Ch3Exercise3-02.R

# Applied Predictive Modeling Chapter 3: Exercise 3.2
#
# This web page provides answers to Exercise 3.2 of Applied Predictive Modeling.
# That exercise says:
#
# "The soybean data can also be found at the UC Irvine Machine Learning Repository.  Data were collected to
# predict disease in 683 soybeans.  The 35 predictors are mostly categorical and include information on the 
# environmental condititions (e.g., temperature, precipitation) and plant conditions (e.g., left spots, mold
# growth).  The outcome labels consist of 19 distinct classes."  The data can be loaded via mlbench.
#
#
# EXERCISE 3.2(a) 
# Investigate the frequency distributions for the categorical predictors.  Are any of the distributions
# degenerate in the ways dicussed earlier in this chapter?
#
# To address 3.2(a), I load the some programs and data and then create graphics.  
#
# Step 1: I load the libraries whose programs are used in the analysis
suppressMessages(library(mlbench))      # contains data set used in the analysis
suppressMessages(library(caret))        # APM pre-procoessing program and others
suppressMessages(library(dplyr))        # used for some data manipulation
suppressMessages(library(e1071))        # for skewness computation
suppressMessages(library(tidyr))        # reshape a correlation matrix for use in heat map
suppressMessages(library(knitr))        # used to create output for web
suppressMessages(library(GGally))       # used for ggpairs correlation graph graph
#
# 
data(Soybean)
#
# Degenerate distribution: takes on only a single value.  Related: variables with insufficient 
# variability to provide much information.  (See p. 44.)
#
# A look at the dataframe shows that the variables are all factors or ordered factors. Since the Y variable
# also is a factor, one might use multinomial logit or LDA.
str(Soybean)

## 'data.frame':    683 obs. of  36 variables:
##  $ Class          : Factor w/ 19 levels "2-4-d-injury",..: 11 11 11 11 11 11 11 11 11 11 ...
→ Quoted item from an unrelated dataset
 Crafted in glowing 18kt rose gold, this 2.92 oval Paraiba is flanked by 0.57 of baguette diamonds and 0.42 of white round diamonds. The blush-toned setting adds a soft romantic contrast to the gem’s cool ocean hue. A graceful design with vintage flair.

##  $ date           : Factor w/ 7 levels "0","1","2","3",..: 7 5 4 4 7 6 6 5 7 5 ...
##  $ plant.stand    : Ord.factor w/ 2 levels "0"<"1": 1 1 1 1 1 1 1 1 1 1 ...
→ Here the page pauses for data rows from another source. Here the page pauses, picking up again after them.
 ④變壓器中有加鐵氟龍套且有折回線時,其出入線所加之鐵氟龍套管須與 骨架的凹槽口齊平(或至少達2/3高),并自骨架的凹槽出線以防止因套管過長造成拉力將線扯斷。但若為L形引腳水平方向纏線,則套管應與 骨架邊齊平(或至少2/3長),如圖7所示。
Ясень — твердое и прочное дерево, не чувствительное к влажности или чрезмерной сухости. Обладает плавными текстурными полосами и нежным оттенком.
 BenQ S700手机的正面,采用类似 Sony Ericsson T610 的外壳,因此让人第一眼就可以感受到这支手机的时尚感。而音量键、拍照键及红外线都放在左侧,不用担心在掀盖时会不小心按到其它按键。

##  $ precip         : Ord.factor w/ 3 levels "0"<"1"<"2": 3 3 3 3 3 3 3 3 3 3 ...
##  $ temp           : Ord.factor w/ 3 levels "0"<"1"<"2": 2 2 2 2 2 2 2 2 2 2 ...
##  $ hail           : Factor w/ 2 levels "0","1": 1 1 1 1 1 1 1 2 1 1 ...
##  $ crop.hist      : Factor w/ 4 levels "0","1","2","3": 2 3 2 2 3 4 3 2 4 3 ...
##  $ area.dam       : Factor w/ 4 levels "0","1","2","3": 2 1 1 1 1 1 1 1 1 1 ...
##  $ sever          : Factor w/ 3 levels "0","1","2": 2 3 3 3 2 2 2 2 2 3 ...
##  $ seed.tmt       : Factor w/ 3 levels "0","1","2": 1 2 2 1 1 1 2 1 2 1 ...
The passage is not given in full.